Chapter 9 Areas of parallelograms and triangles is a very important chapter for coordinate geometry in Class 9 Maths. NCERT Solutions for Class 9 Maths Chapter 9 are mainly based on topics such as the introduction of areas of parallelograms and triangles, triangles as well as parallelograms on the same base and between the same parallels, and figures on the same base and between the same parallels. Below are some of the key learnings from this chapter. Students are advised to memorise these points that will be highly beneficial to score well in the final exam. 

• Area of a triangle = ½ x Base x Altitude

• Area of a parallelogram = Base x Height

• The area of a figure can be defined as a number associated with the part of the plane enclosed by that figure.

• Two congruent figures may have equal areas but the converse is not true.

• Two figures are said to be on the same base and between the same parallels, if they have a common base (side) and the vertices (or the vertex) opposite to the common base of each figure lie on a line parallel to the base.
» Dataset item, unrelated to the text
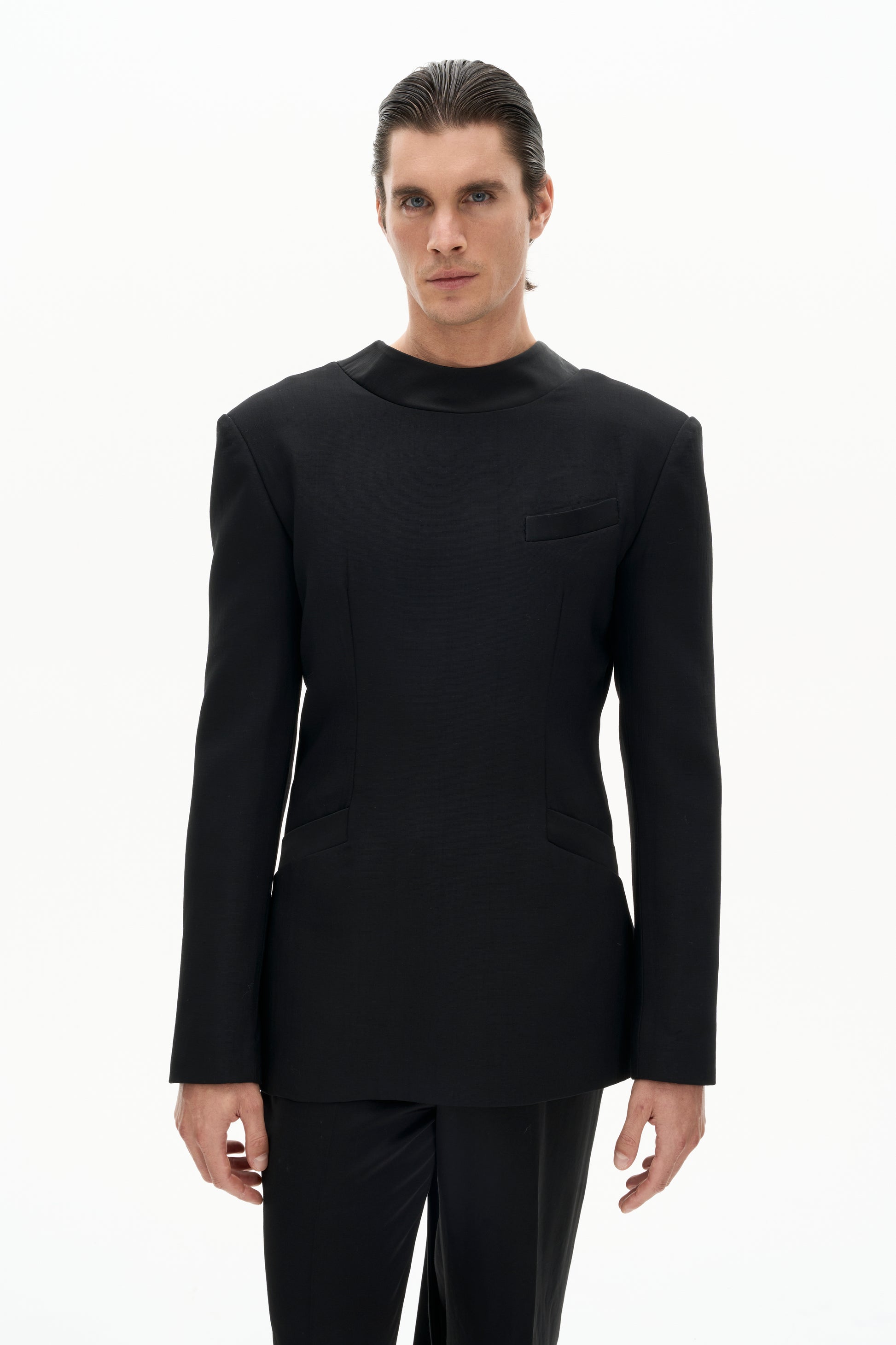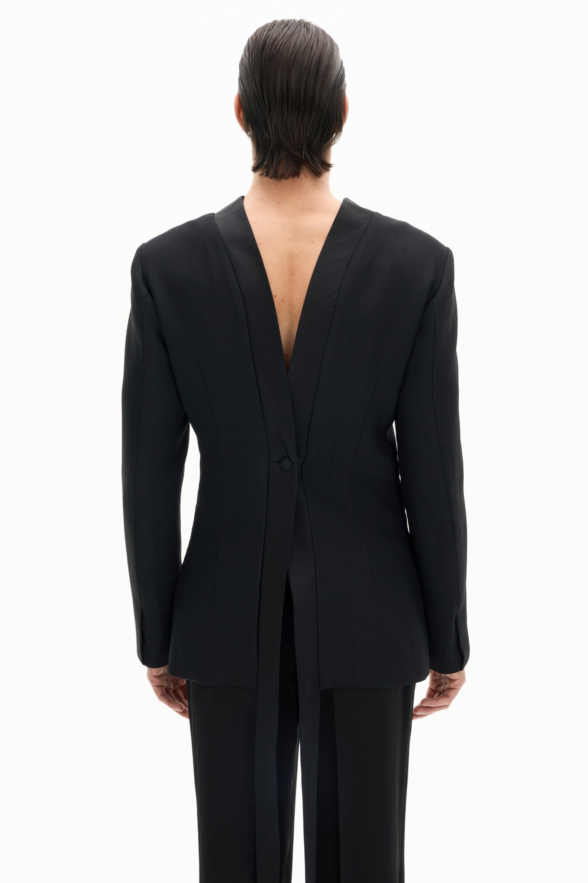 Constructed from 100% fine wool, the Mirage Tuxedo features a reversed jacket construction, where the closure sits elegantly at the back — offering a daring twist on traditional eveningwear. Satin patch pockets at the front and a silk-satin belt that ties at the back create a refined yet provocative silhouette.
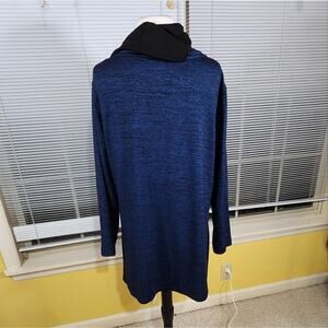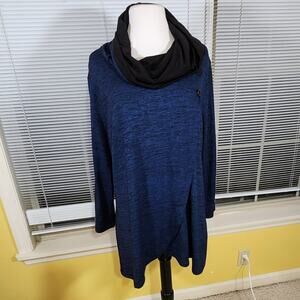 Ali Miles Large $84 Blue Black Heather Cowl Neck Wrap Asymmetric Tunic Knit Top

• Parallelograms on the same base (or equal bases) and between the same parallels are equal in area.

• Parallelograms on the same base (or equal bases) and having equal areas lie between the same parallels.

• Triangles on the same base (or equal bases) and between the same parallels are equal in area.

• Triangles on the same base (or equal bases) and having equal areas lie between the same parallels.

• A median of a triangle divides it into two triangles of equal areas.

Understanding the basics of these concepts is very crucial for students as this serves as the base for higher grade Maths studies (especially trigonometry, calculus, and coordinate geometry). 

NCERT Solution Class 9 Maths of Chapter 9 Areas of Parallelograms and Triangles All Exercises.

Students are advised to solve all these exercise questions, including the optional exercise questions. They can, in this way, become more familiar with the type of questions that may encounter in their exams. 

Key Features of NCERT Solutions for Class 9 Maths Chapter 9 

Practising numerical and theorems is an extremely crucial step in preparing for your exams. With the Class 9 Maths Solution Chapter 9 PDF, students can ensure completing every concept of Class 9 Maths Chapter 9. Here are some prime features of Maths NCERT Solutions Class 9 Chapter 9: 

• All explanations for different concepts are made easier to help students understand more clearly. 

• The PDF solutions will help students gain deep insights into how they can solve the numerical. 

• Students can revise from these PDFs to have the best chance at scoring good marks in their upcoming exams.